Use images with annotations to train YOLOv2 implemented in Tensorflow (via [thtrieu's darkflow](https://github.com/thtrieu/darkflow)) to detect scat and footprints from EOL images. Detected scat and footprints will be used to add tags to images of birds (Aves), amphibians (Amphibia), reptiles (Reptilia), and mammals (Mammalia).

Datasets were downloaded to Google Drive in [scat_footprint_preprocessing.ipynb](https://github.com/aubricot/computer_vision_with_eol_images/blob/master/object_detection_for_image_tagging/scat_footprint/scat_footprint_preprocessing.ipynb). 

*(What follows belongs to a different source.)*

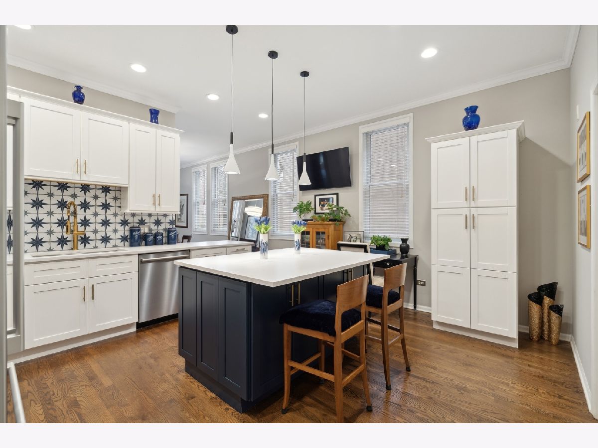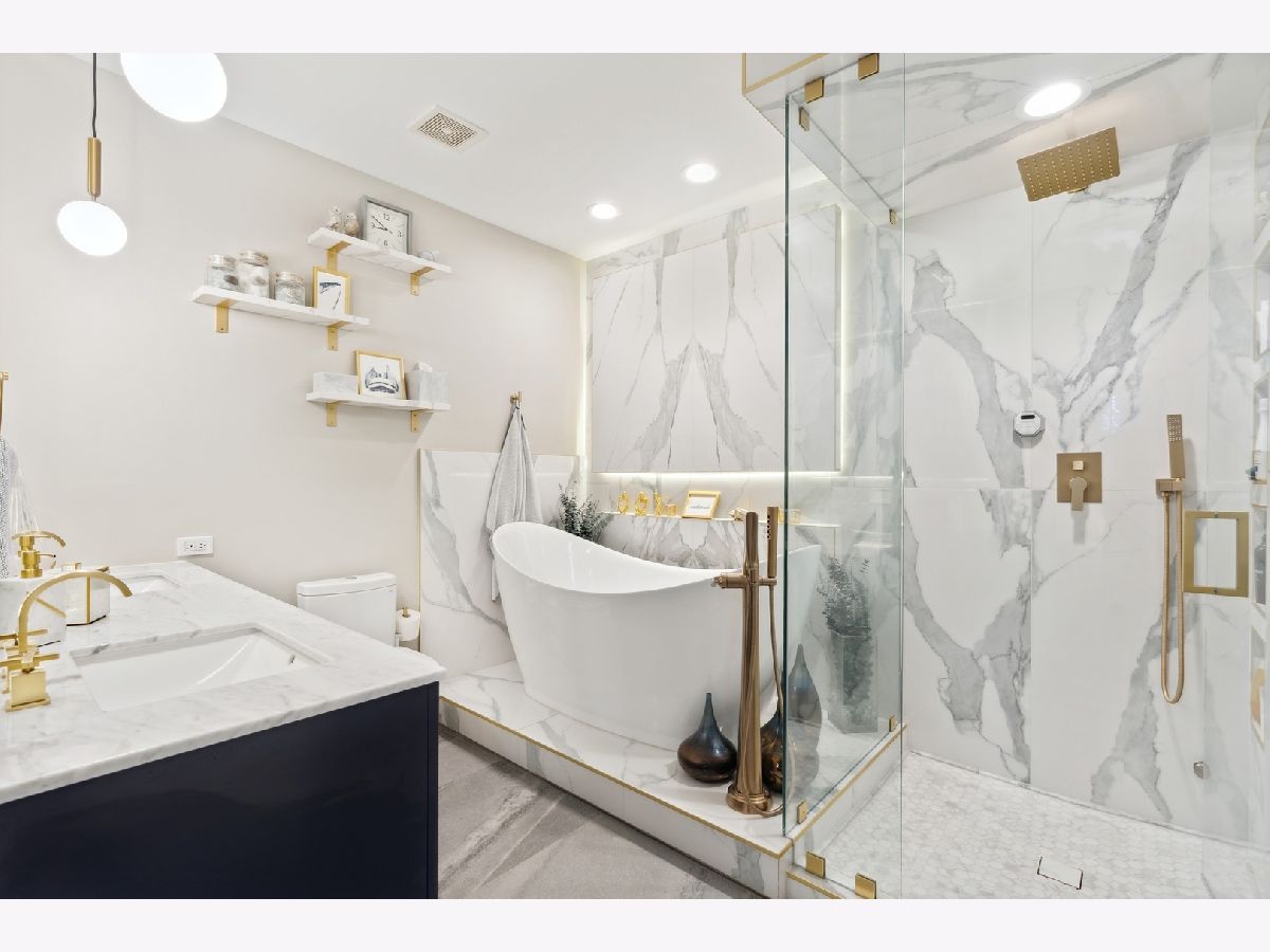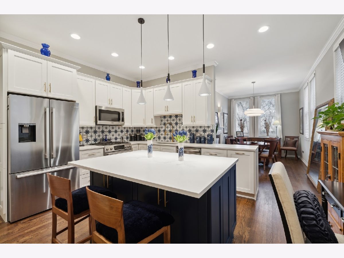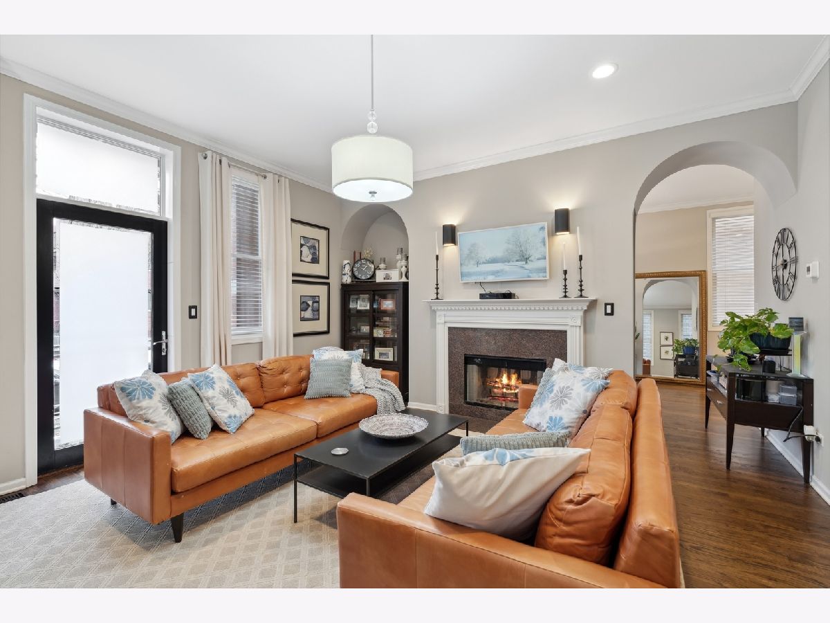Extra-wide Andersonville 3-bedroom, 2.1-bathroom duplex down condo located in an intimate 4-unit building. This unit boasts high 10ft ceilings, elegant archways, and large windows on three sides that allow for unparalleled natural light on both levels. The condo has a single-family home feel to it, with a spacious and completely renovated kitchen featuring new stainless steel appliances, new cabinets, backsplash and countertops, and an oversized island. There is also a separate formal dining room and living room connected by a two-sided fireplace. Hardwood floors throughout the main level add to the luxurious feel of the space. The brand new primary bath features a separate shower with steam, a large soaking tub, and a double vanity. The second bath and half bath have also undergone full renovations as has the separate laundry room with full-size front-loading machines plus a slop sink. All 3 bedrooms are located on the same level. The unit also features two private outdoor areas and it comes with garage parking included. Located within walking distance to the lake, train, Carmen play lot, and the best of Andersonville's shops and restaurants, this unit is the perfect place to call home.

**YOLOv2 was trained for 4,000 epochs on 5 images to overfit, then for 1,000 epochs at lr=0.001 to reach a stable loss value (3), and finally for 1,000 epochs to refine learning with a slow rate at lr=0.0001.** Scat/footprint object detection models never learned despite adjusting augmentation and model hyperparameters for many training sessions. If successful approaches are found at a later date, steps for adding tags to images will be included. Custom anchor boxes were used to optimize coverage for the dataset and image augmentation was used to increase dataset size from 500 img per class to 1000 img, but loss never decreased below 3 and final mAP was <10%. 

Notes:   
* Before you you start: change the runtime to "GPU" with "High RAM"
* Change filepaths/taxon names where you see 'TO DO'     

References:   
* [Official Darkflow training instructions](https://github.com/thtrieu/darkflow)   
* [Medium Blog on training using YOLO via Darkflow in Colab](https://medium.com/coinmonks/detecting-custom-objects-in-images-video-using-yolo-with-darkflow-1ff119fa002f)

## Installs & Imports
---

In [None]:
# Mount google drive to import/export files
from google.colab import drive
drive.mount('/content/drive', force_remount=True)

In [None]:
# Install libraries
# Make sure you are using Python 3.6
!python --version
!pip install tensorflow-gpu==1.15.0rc2
!pip install cython
!pip install opencv-python

# For importing/exporting files, working with arrays, etc
from google.colab import files
import os
import pathlib
import shutil
import imageio
import time
import csv
import urllib
import numpy as np
import pandas as pd

# For drawing onto and plotting the images
import matplotlib.pyplot as plt
import cv2
%config InlineBackend.figure_format = 'svg'
%matplotlib inline

## Model preparation (only run once)
---
These blocks download and set-up files needed for training object detectors. After running once, you can train and re-train as many times as you'd like.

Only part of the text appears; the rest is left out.